According to a first aspect of the present invention there is provided a guide vane assembly for a turbomachine, comprising a guide vane and a liner: the guide vane comprising an aerofoil portion having a radially outer platform; wherein one of the outer platform and the liner has a hook element, the hook element comprising an opening and a circumferentially extending channel; and the other one of the outer platform and the liner comprises a retaining element having a neck portion thinner than the opening and a head portion thicker than the opening, wherein in an operational orientation the head portion is located within the channel and is too wide to be withdrawn through the opening of the hook element.
According to a second aspect of the present invention there is provided a guide vane assembly for a turbomachine, comprising a guide vane and a liner: the guide vane comprising an aerofoil portion having a radially outer platform, the outer platform having a hook element, the hook element comprising an opening and a circumferentially extending channel; the liner comprising a retaining element having a neck portion and a head portion, wherein the head portion is thicker and the neck portion thinner than the width of the opening of the hook element; wherein, in use, the head portion is located within the channel.
The head portion may be of complementary cross-section to the channel of the hook element.
The liner may further comprise a second radially extending retaining element.
The second retaining element may comprise a recess which, in use, holds an element of the turbomachine casing.
The recess may be located adjacent the axially foremost position of the liner.
The head portion may comprise a protuberance.

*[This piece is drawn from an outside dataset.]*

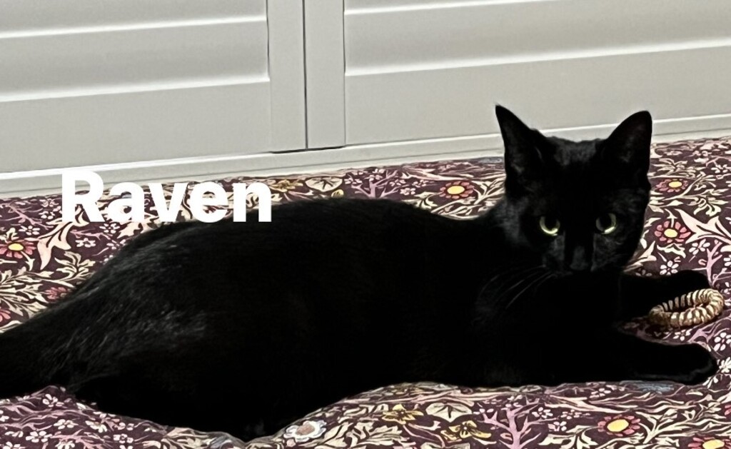 Raven is a quiet girl who absolutely loves her food. She loves to share your bed and get pats, often she will gently nudge for more then settle beside you to rest. She would love a home with another feline friend. She loves her little foster sister and adores the resident Tabby. She loves playing with toys and is a fan of the large cat tree where she can watch over the comings and goings in the home.

The protuberance may extend across only a portion of the radial width of the liner.
The portion of the liner without the protuberance may be provided to allow the head portion of the retaining element to be inserted into the channel of the hook element.
The hook element may comprise a substantially radial lip.
The rear of the head portion may have a substantially radial abutting wall.
During relative radial and/or axial displacement of the liner and guide vane, the oross-sections of the head portion of the liner and the hook element of the guide vane may be such that abutting surfaces of the head portion and hook are forced against each other.
The abutting surfaces may be the top of the lip and the underside of the neck portion, and/or the bottom of the head portion and the bottom of the channel. The abutting surfaces may be radial surfaces of the lip and the rear of the head portion.
The guide vane may be a nozzle guide vane, an inlet guide vane or an outlet guide vane.
The head portion may be shaped such that it may be withdrawn through the opening in an orientation other than the operational orientation.
The head portion may be wider than the opening, such that it cannot be withdrawn through the opening in any orientation.
A guide vane array may comprise a circumferentially extending array of guide vane assemblies.
The guide vane at the top dead centre of the array may have a liner with a head portion which is thinner than the width of the opening of the hook element, even in the operational orientation, to allow it to be installed as the final liner in the array.
The guide vane assembly may be used in a turbomachine.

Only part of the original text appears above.